* [WHAT YOU WILL DO]:
Produce a word-for-word copy of the data that follows, excluding images.

------ AVAILABLE DATA ------

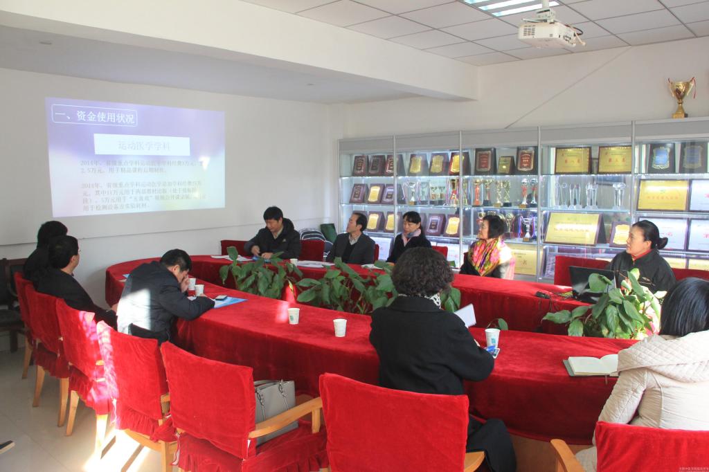 2014年12月18日上午,院长郑玉玲,学科办主任樊蔚虹及财务处、国资处、基础医学院、药学院、一附院、二附院、三附院等部门负责人来到体育教研部,检查重点学科建设工作。体育教研部主任孙再玲、书记赵群英等参加了重点学科建设工作汇报会。
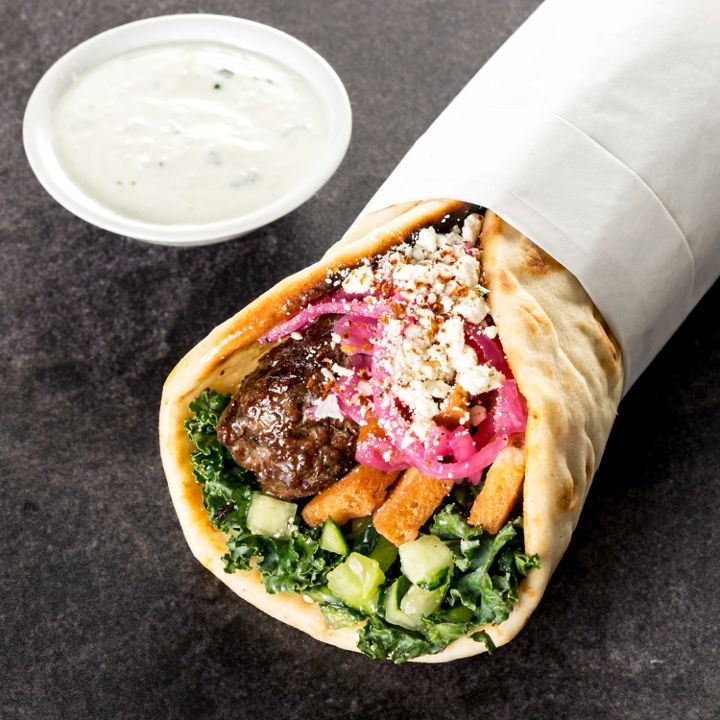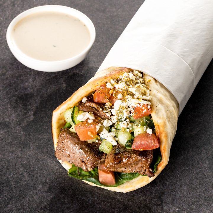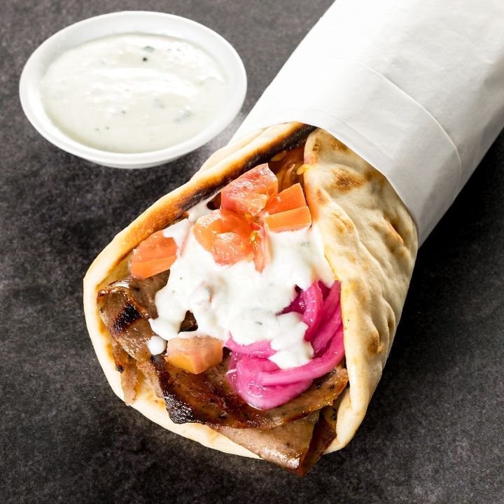 Traditional Gyro Wrap: Lamb & Beef Gyro, Pickled Onion, Diced Tomato, and Mint Tzatziki.
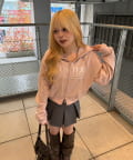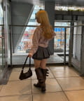 ・フレアスカートやワンピースに羽織って、甘さを抑えた大人ガーリースタイル。足元はブーツやパンプスで女性らしさを演出

------

* [TASK SOLUTION]:
 2014年12月18日上午,院长郑玉玲,学科办主任樊蔚虹及财务处、国资处、基础医学院、药学院、一附院、二附院、三附院等部门负责人来到体育教研部,检查重点学科建设工作。体育教研部主任孙再玲、书记赵群英等参加了重点学科建设工作汇报会。
 Traditional Gyro Wrap: Lamb & Beef Gyro, Pickled Onion, Diced Tomato, and Mint Tzatziki.
 ・フレアスカートやワンピースに羽織って、甘さを抑えた大人ガーリースタイル。足元はブーツやパンプスで女性らしさを演出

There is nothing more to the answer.